Question

3.111 Air contained in a piston-cylinder assembly contains air, initially at 2 bar, 300 K and a volume of 2 m^3. The air undergoes a process to a state where pressure is 1 bar, during which the pressure-volume relationship is PV=constant. Assuming ideal gas behavior for air, determine the mass of the air, in kg and the work and heat transfer, each in KJ.

Answer 1

Concepts and Reason

An ideal gas is a theoretical gas consisting of particles that move randomly and collide elastically with each other. All ideal gases obey the ideal gas law. Air in most cases, can be considered to be an ideal gas. When PV = constant, it indicates that the temperature is constant during that process (Boyle’s Law). It is an isothermal process.

In a piston-cylinder assembly containing air, the piston compresses the air inside the cylinder causing the air to ignite and do work on the piston in return. It follows the law of conservation of energy.

Fundamentals

The ideal gas law is given by,

$PV = mRT$

Here, the pressure is P, the volume is V, the mass of air is m, the specific gas constant is R, and the temperature is T.

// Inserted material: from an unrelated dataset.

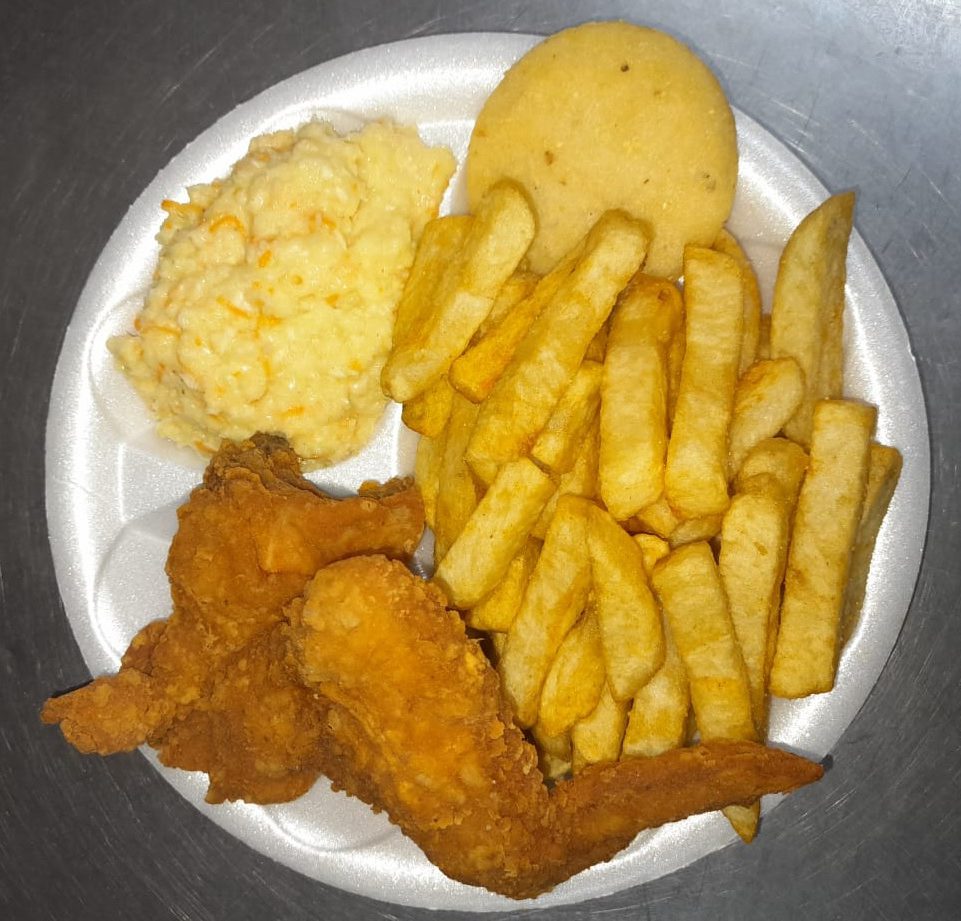 ACOMPAÑADO DE PAPAS A LA FRANCESA + ENSALADA DULCE + AREPA FRITA + PRESA APANADA
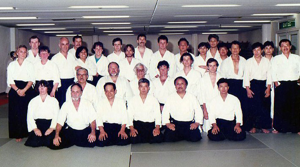 20th Anniversary of Hong Kong Aikido Association in 1991. Front row, second from left: Ken Cottier, Paul Lee, Ueshiba Moriteru, Fujita Masatake, and Kanazawa Takeshi.

The work done in an isothermal process is given by,

$\begin{array}{l}\\W = mRT\ln \left( {\frac{{{P_1}}}{{{P_2}}}} \right)\\\\{\rm{or}}\\\\W = mRT\ln \left( {\frac{{{V_2}}}{{{V_1}}}} \right)\\\end{array}$

Here, the pressures at points 1 and 2 are ${P_1}$ and ${P_2}$ respectively. The volumes at points 1 and 2 are ${V_1}$ and ${V_2}$ respectively.

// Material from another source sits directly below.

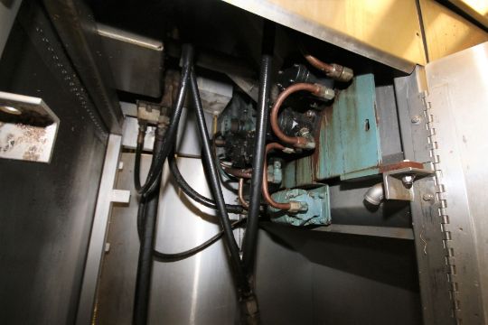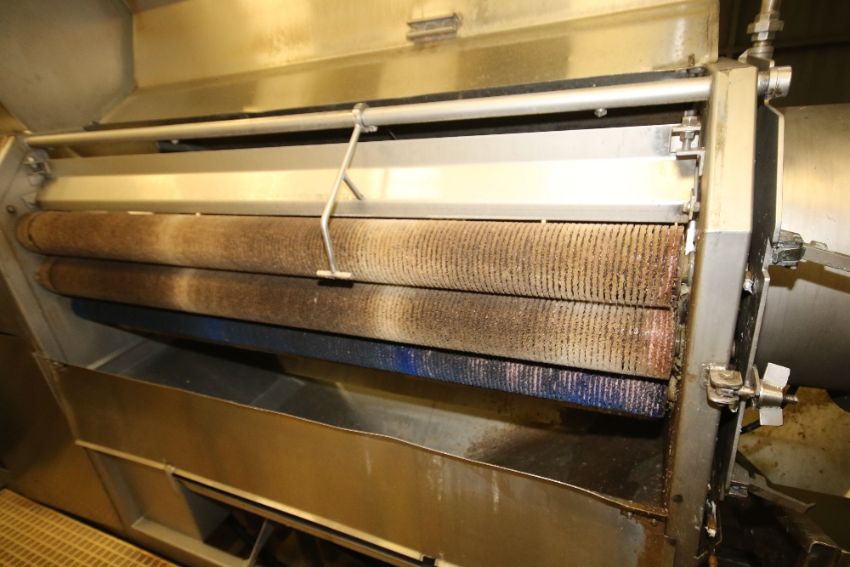 Vanmark Peeler / Scrubber / Washer, S/N 027457044099902, with (8) Roller Positions, S/S Paddle, All Hydraulic Driven, Water Spray Heads, S/S Enclosed Covers, Mounted on S/S Frame, Infeed Chute, Includes 25 hp Hydraulic Pump with Reservoir

The change in internal energy in an isothermal process is zero.

From the first law of thermodynamics, due to the internal energy being zero in an isothermal process, the heat transferred is numerically equal to the work done.

$Q = W$

Here, the heat transferred is Q and the work done is W.

Calculate the mass of air using the formula,

${P_1}{V_1} = mRT$

Here, the pressure at state 1 is ${P_1}$ , the volume at state 1 is ${V_1}$ , the mass of air is m, the specific gas constant is R, and the temperature is T.

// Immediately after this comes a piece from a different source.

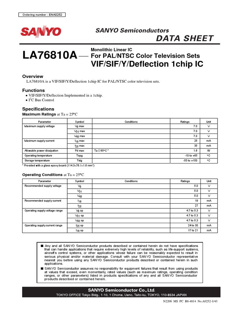LA76810A is a VIF/SIF/Y/Deflection 1chip IC for PAL/NTSC color television sets.

Substitute $2 \times {10^5}{\rm{ Pa}}$ for ${P_1}$ , $2{\rm{ }}{{\rm{m}}^3}$ for ${V_1}$ , $287{\rm{ J/kgK}}$ for R, and 300 K for T.

$\begin{array}{l}\\2 \times {10^5} \times 2 = m \times 287 \times 300\\\\m = 4.646{\rm{ kg}}\\\end{array}$

Calculate the work done in an isothermal process. Isothermal process indicates that temperature is the same at states 1 and 2.

$W = mRT\ln \left( {\frac{{{P_1}}}{{{P_2}}}} \right)$

Here, the pressures at points 1 and 2 are ${P_1}$ and ${P_2}$ respectively.

Substitute 2 bar for ${P_1}$ , 1 bar for ${P_2}$ , $0.287{\rm{ kJ/kgK}}$ for R, 4.646 kg for m, and 300 K for T.

$\begin{array}{c}\\W = 4.646 \times 0.287 \times 300 \times \ln \left( {\frac{2}{1}} \right)\\\\ = 400.02 \times \ln 2\\\\ = 277.27{\rm{ kJ}}\\\end{array}$

The change in internal energy in an isothermal process is zero.

From the first law of thermodynamics, due to the internal energy being zero in an isothermal process, the heat transferred is numerically equal to the work done.

Calculate the heat transfer.

$Q = W$

Substitute 277.27 kJ for W.

$Q = 277.27{\rm{ kJ}}$

Ans:

The mass of the air is 4.646 kg.

The work done is 277.27 kJ.

The heat transfer is 277.27 kJ.